Records to process:
────────────────────
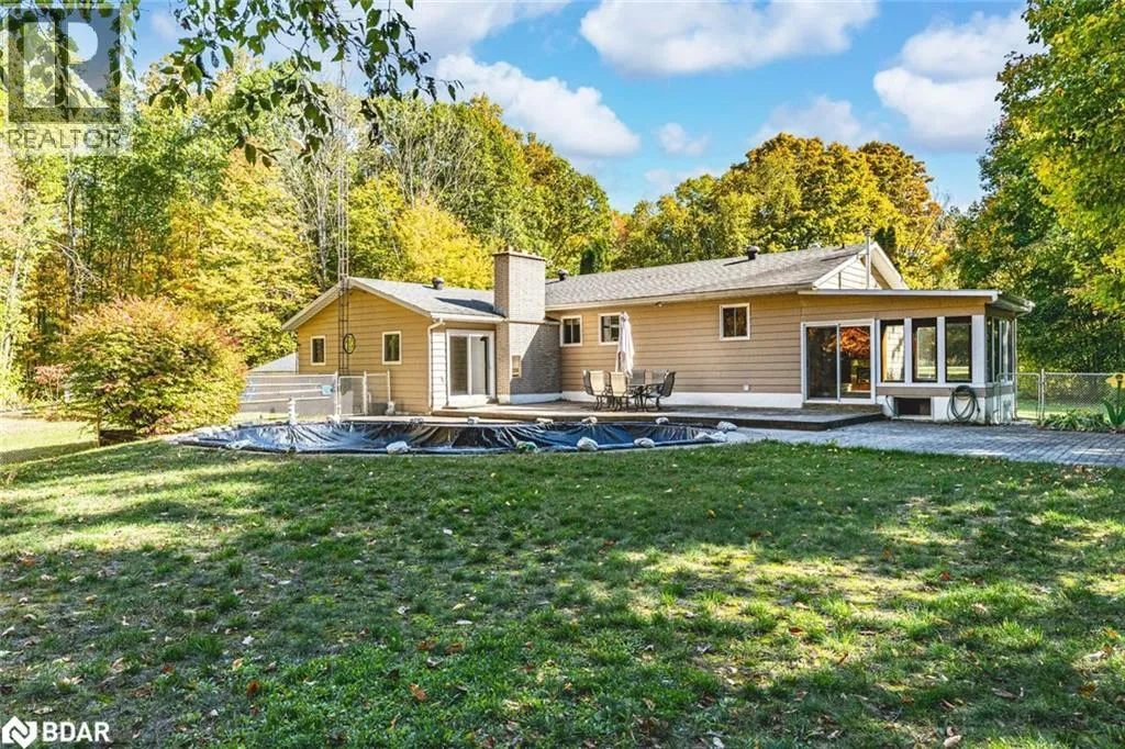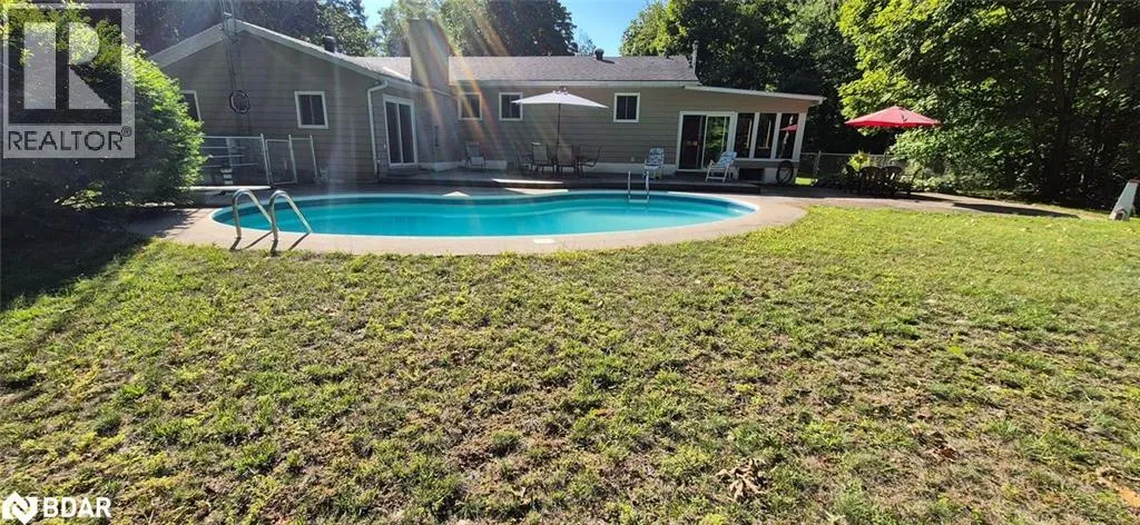 County Rd 27/County Rd 6 S/Concession Rd 5 W 34-ACRE COUNTRY RETREAT WITH AN INGROUND POOL, IN-LAW POTENTIAL & LIMITLESS POSSIBILITIES! Set on an incredible 34-acre property surrounded by towering trees and peaceful natural beauty, this sprawling bungalow offers true country living with endless room to roam, complete with manicured trails perfect for walking, biking, or snowmobiling. Embrace a lifestyle defined by nature and tranquillity, just minutes from Georgian Bayâs beautiful beaches, local parks, and a grocery store, with Wasaga Beach only 15 minutes down the road. The property makes an unforgettable first impression with a circular driveway offering parking for more than 20 vehicles, a detached double garage, multiple sheds, and plenty of space for a future shop. The expansive backyard features an inground pool surrounded by a generous patio, perfect for outdoor entertaining or quiet relaxation. Over 3,200 finished square feet, including more than 1,850 on the main level, provide an abundance of living space for families, multi-generational living, or those dreaming of a country retreat. The large kitchen features white cabinetry, built-in appliances, a centre island, and an open connection to the formal dining room, making it ideal for hosting gatherings. The bright living room overlooks the treed front yard, while the family room features a cozy wood fireplace and a walkout to the backyard. A separate sun-filled hot tub room with a fireplace offers an additional sliding door walkout leading to the pool and patio area. The finished basement extends the possibilities with in-law potential, complete with a second kitchen, living room, den, rec room, two bedrooms, and a full bathroom. Whether you envision a peaceful family haven, a multi-generational escape, or simply a property with room to grow, this exceptional #HomeToStay is filled with opportunity and ready for your personal touch to make it truly yours! (id:27476)
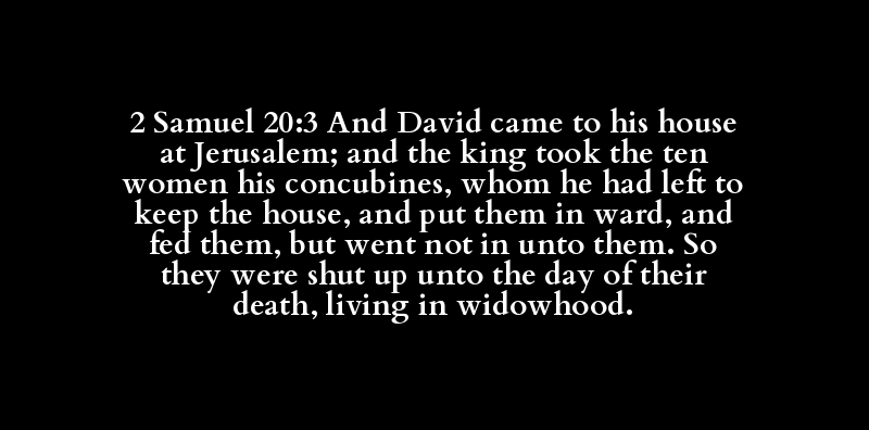 2 Samuel 20:3 And David came to his house at Jerusalem; and the king took the ten women his concubines, whom he had left to keep the house, and put them in ward, and fed them, but went not in unto them. So they were shut up unto the day of their death, living in widowhood.
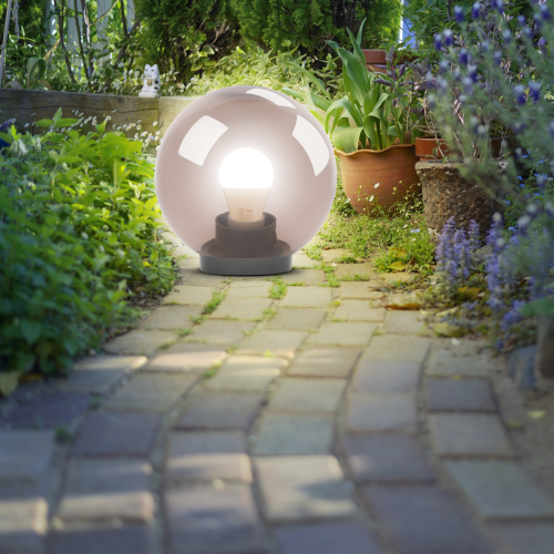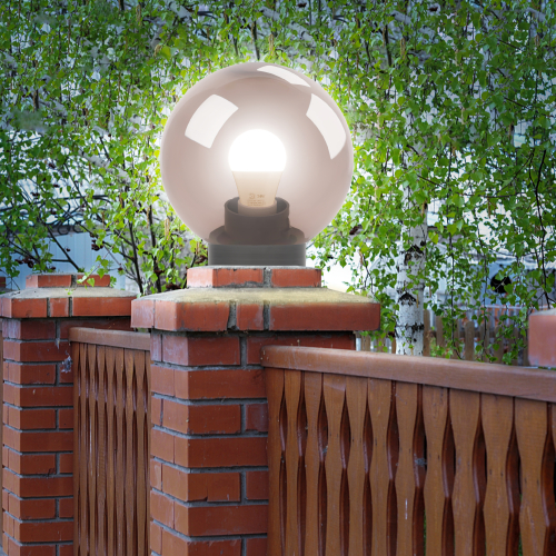 Светильник предназначен для декоративной подсветки садово-парковых зон, прогулочных дорожек, коттеджей, функционально-декоративного освещения скверов, парков и бульваров, а также для подсветки фасадов зданий, архитектурных памятников и различных строений. Дизайн с учетом европейских тенденций в освещении. Не подвержен коррозии, деформации под воздействием погодных условий. Подходит любая светодиодная лампа, имеющая габариты не более D118мм, H=«D шара»-30мм
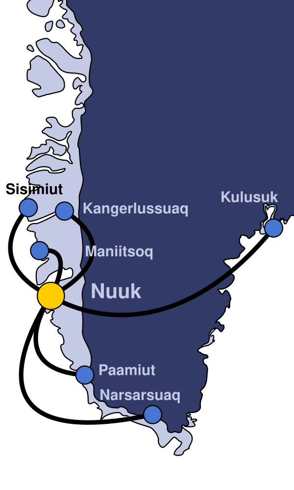 | Кангерлуссуак, Кулусук, Маниитсок, Нарсарсуак, Паамиут, Сисимиут, Икалуит | |
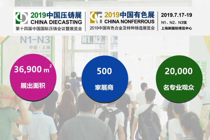 作為中國壓鑄及有色鑄造行業(yè)盛會,自1997年舉辦的CHINA DIECASTING中國壓鑄展(www.diecastexpo.cn),和自2016年起同期舉辦CHINA NONFERROUS中國有色展(www.cnf-ex.com)將于2019年7月17-19日在上海新國際博覽中心N1-N3館(SNIEC)舉行。
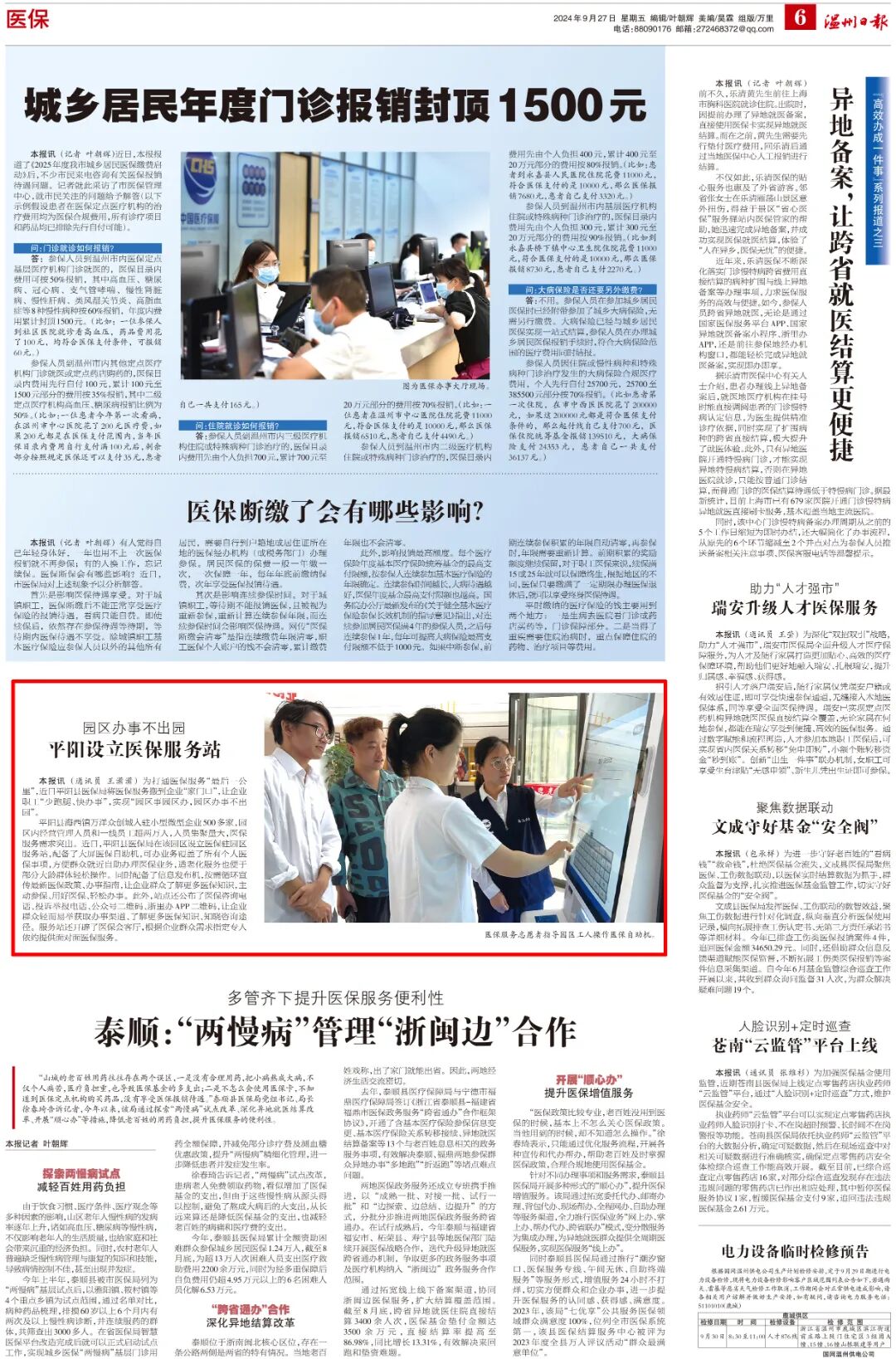 9月27日,《温州日报》6版报道《园区办事不出园 平阳设立医保服务站》
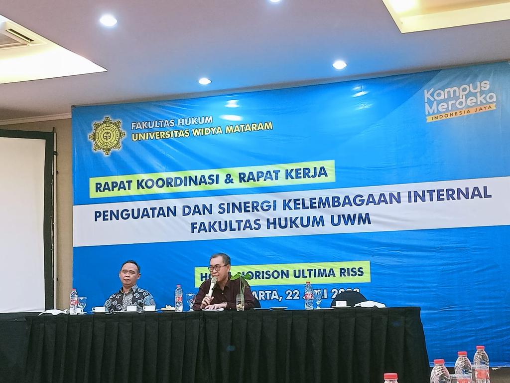 Dekan FH UWM dalam sambutannya menyampaikan bahwa rapat kerja ini merupakan kelanjutan dari Rapat Koordinasi Universitas yang lebih khusus ditujukan untuk memperkuat dan meningkatkan sinergi kelembagaan internal FH UWM.
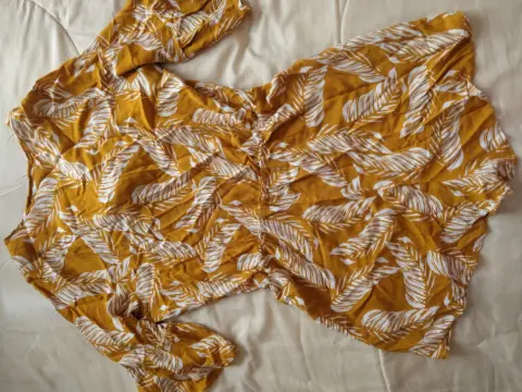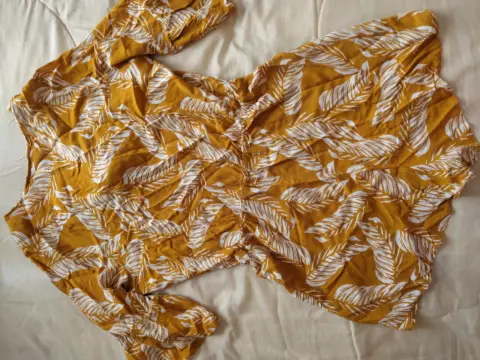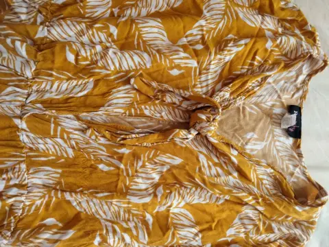 Super fresco, color amarillo, talla M , coqueto en la parte en frente.
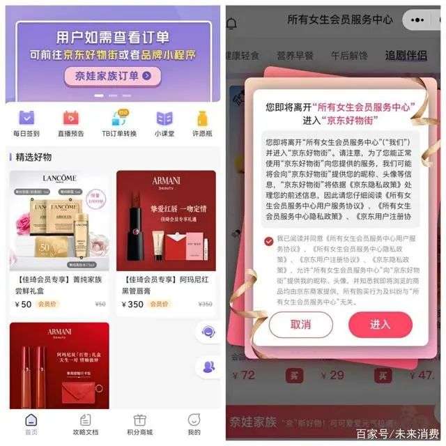 “所有女生”的流量平台搭建起来了,相应的商业营销活动也跟上了,在上线“精选好物”功能后,消费者能够直接跳转到商家的小程序直营店购买产品,目前已有阿玛尼、兰蔻两个品牌长期入驻。
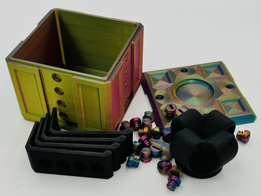 Annoying Gift Box - Multiple Color Combinations - 4x4x3" with 20 bolts + 3 Mini Figures
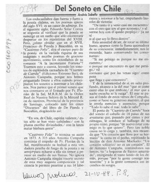 Los sonetos de Antonio Campaña [artículo] Hugo Montes.
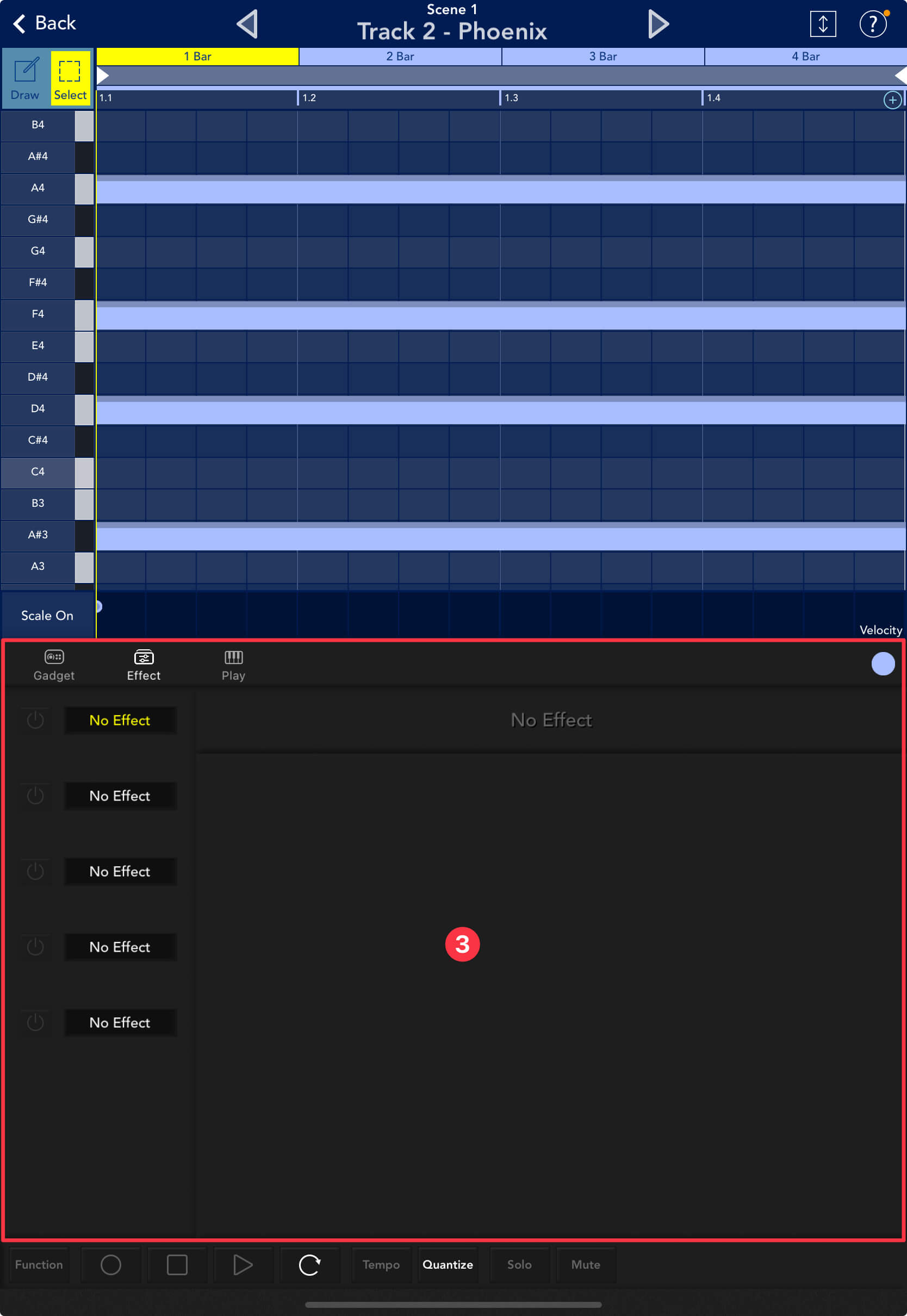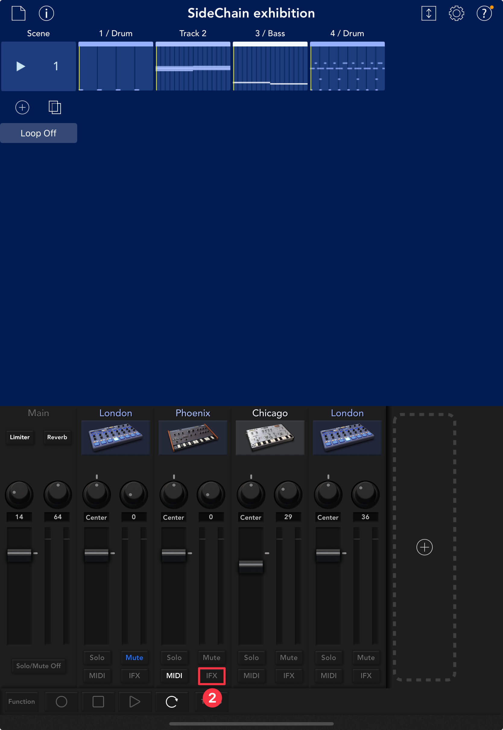 メイン画面に戻り、これからサイドチェインをかけるトラックのIFXボタンをタップ②。Effectパネルに移動します③。
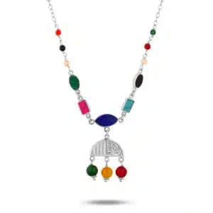 سلسلة من الفضة مع مجموعة متناسقة من الأحجار الملونة مع قالب كتب عليه كلمة ” سعادة”
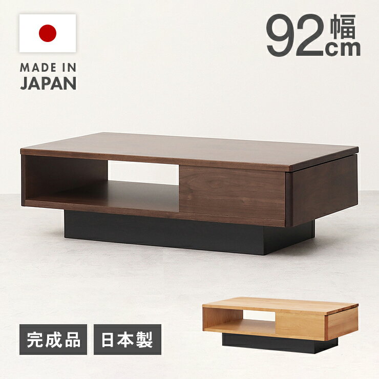 リビングテーブル ローテーブル センターテーブル 幅92cm 完成品 木製 収納 引き出し付き おしゃれ 北欧 国産 日本製 棚付き 低め ロータイプ コーヒーテーブル てーぶる
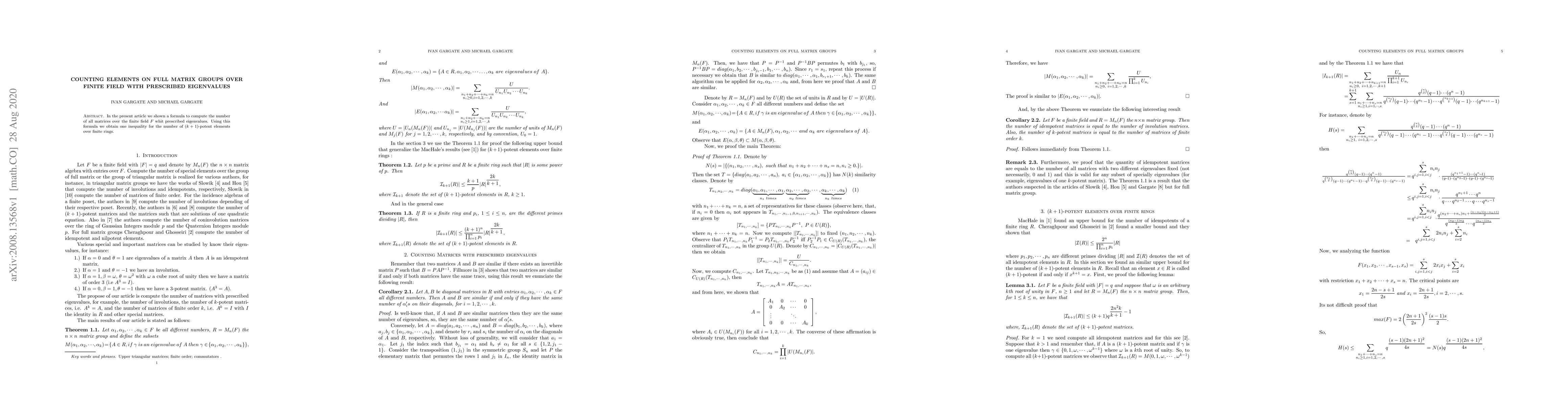 Researchers developed a formula to count matrices over finite fields with prescribed eigenvalues, leading to new insights into $(k+1)$-potent elements over finite rings.
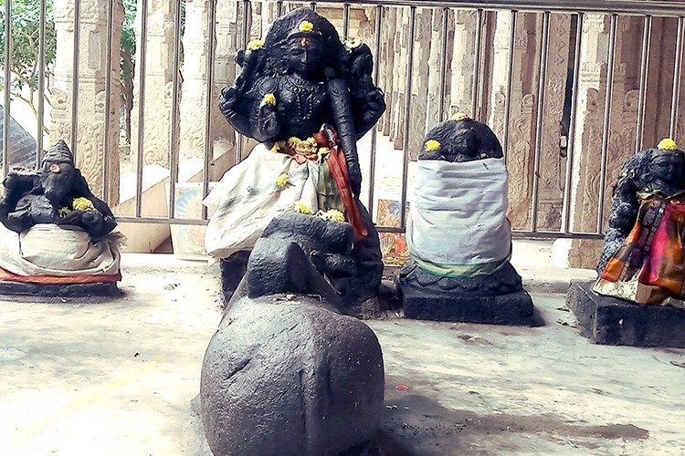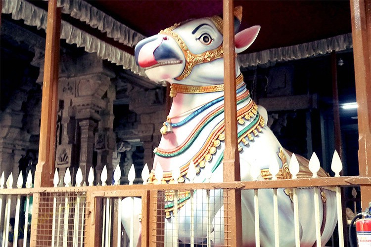 கோயிலில் நுழைந்தவுடன் 10 அடி உயரத்திற்கு மேலாக ஒரு அழகான வெள்ளை நிற நந்தியைக் காணலாம். அடுத்துள்ள கொடிமரத்தைச் சுற்றிவிட்டு உள்ளே சென்றால் மூலவரைக் காணலாம். மூலவரைக் காண்பதற்கு முன் சுமார் 9 அடி உயரம் உள்ள மிகப்பெரிய விநாயகரைத் தரிசிக்கலாம்.
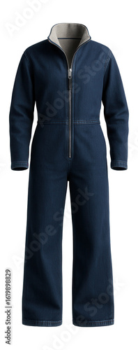Fleece-lined denim jumpsuit with front zipper and wide leg silhouette
────────────────────
Task goal:
From the records above, quote word for word only the lines beginning at the line that has "Икалуит | |" and stopping after the line that has "メイン画面に戻り、これからサ". Omit the pictures.

Completed exercise:
 | Кангерлуссуак, Кулусук, Маниитсок, Нарсарсуак, Паамиут, Сисимиут, Икалуит | |
 作為中國壓鑄及有色鑄造行業(yè)盛會,自1997年舉辦的CHINA DIECASTING中國壓鑄展(www.diecastexpo.cn),和自2016年起同期舉辦CHINA NONFERROUS中國有色展(www.cnf-ex.com)將于2019年7月17-19日在上海新國際博覽中心N1-N3館(SNIEC)舉行。
 9月27日,《温州日报》6版报道《园区办事不出园 平阳设立医保服务站》
 Dekan FH UWM dalam sambutannya menyampaikan bahwa rapat kerja ini merupakan kelanjutan dari Rapat Koordinasi Universitas yang lebih khusus ditujukan untuk memperkuat dan meningkatkan sinergi kelembagaan internal FH UWM.
 Super fresco, color amarillo, talla M , coqueto en la parte en frente.
 “所有女生”的流量平台搭建起来了,相应的商业营销活动也跟上了,在上线“精选好物”功能后,消费者能够直接跳转到商家的小程序直营店购买产品,目前已有阿玛尼、兰蔻两个品牌长期入驻。
 Annoying Gift Box - Multiple Color Combinations - 4x4x3" with 20 bolts + 3 Mini Figures
 Los sonetos de Antonio Campaña [artículo] Hugo Montes.
 メイン画面に戻り、これからサイドチェインをかけるトラックのIFXボタンをタップ②。Effectパネルに移動します③。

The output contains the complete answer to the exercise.